Ryan tensed with frustrated rage as the crewmen lashed Doc spread-eagled in the shrouds ten feet above the deck and facing inward. “Mr. Hardstone!” Miles called.

The big red-headed man removed his hand from Ryan’s shoulder and snapped to attention. “Aye, Commander!”

“You have empty seats at your table. One-Eye will mess with you and your mates.”

“Aye, sir!”

“The captain says until he is proved otherwise or signed, One-Eye is your responsibility.”

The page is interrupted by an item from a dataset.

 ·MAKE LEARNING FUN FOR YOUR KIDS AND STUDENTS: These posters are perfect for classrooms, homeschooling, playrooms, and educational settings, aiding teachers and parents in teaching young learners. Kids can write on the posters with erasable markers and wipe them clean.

Ryan was starting to have a very bad feeling about being proved otherwise.

Hardstone gave Ryan a none-too-pleased look. “Aye, sir.”

“Mr. Manrape!”

“Aye!”

“Let Mr. Ryan stand another watch for his insolence.”

“Aye.”

Miles turned on his heel and returned to the quarterdeck.

Manrape stroked his chin. “Mr. Forgiven!”

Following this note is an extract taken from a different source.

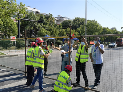 公司义乌市国贸大道与宾王路交叉口东侧地块工程、新社区集聚北苑街道第二集聚区地块二工程及北苑街道春晗路与宾王路交叉口西南侧地块住宅小区(二标)等项目部,先后出动近300余人次,参与硬隔离突击任务,落实“硬隔离”和强化“卡口”管控的措施,连续作战17天,充分发挥“三丰铁军”优势,对部分小区道路设立围栏,用一根根钢管、一张张铁丝网,筑起一道道防疫“安全墙”。

The purser looked up from counting a pallet of green bananas. “Aye, bos’n?”

“Would you gaze on the ship’s dictionary for me when you have a moment?”

“Aye. And what would you know?”

Manrape looked up at Doc. “The meaning of the words pederast and catamite.”


Chapter Three (#ulink_c1497da2-df62-5c44-affe-fb7f1a3f8ff7)

Krysty staggered into the fo’c’sle. The hammocks had been stowed and tables hung from the ceiling above as the watch got ready to mess. They were at anchor so lanterns were lit. Commander Miles had considered Krysty unfit for most duties aboard ship, and she was half convinced he was right.

That had not stopped Krysty from being assigned to run up into the rigging to bring the top men water several dozen times; running messages between decks; scrubbing the decks and heads; taking nails, rope, twine and supplies to the repair crews; being speeded along with a rope end when it was perceived she wasn’t moving fast enough; and enduring more sexual innuendo and gropings in passing than she had been subjected to her entire life in the Deathlands.

Sweet Marie called out from her mess table. “Over here, girlie!” Krysty looked that way. Sweet Marie sat with J.B., Jak, Mildred and Ricky. Two crewmen sat with them, the pink mutie, Mr. Movies, who seemed to rule the rigging, and a huge sagging, bull of a man. “You mess with us!”

Krysty sat down to the sound of whistles and hoots “Flame on flame!” someone called.

“I’d pay hard jack to see that!” a crewman replied.

Krysty stared the big woman in the face amid the jeering. “I’ll chill you.”

Sweet Marie threw back her head and laughed. “Oh, I’m not one to force myself on anyone, but when your man is corruption down in the Old Place and you’re all alone, you’ll remember your Sweet Marie when every shark comes circling.”

Krysty reserved comment.

A small, pretty, dark-haired and olive-skinned woman made her way over to the table. Krysty saw that her eyes were milk-white without pupils. She made soft clicking sounds as she unerringly wove through the crowd and clutter. Crewmen called out to her. “Gypsyfair! When you gonna mess with us?”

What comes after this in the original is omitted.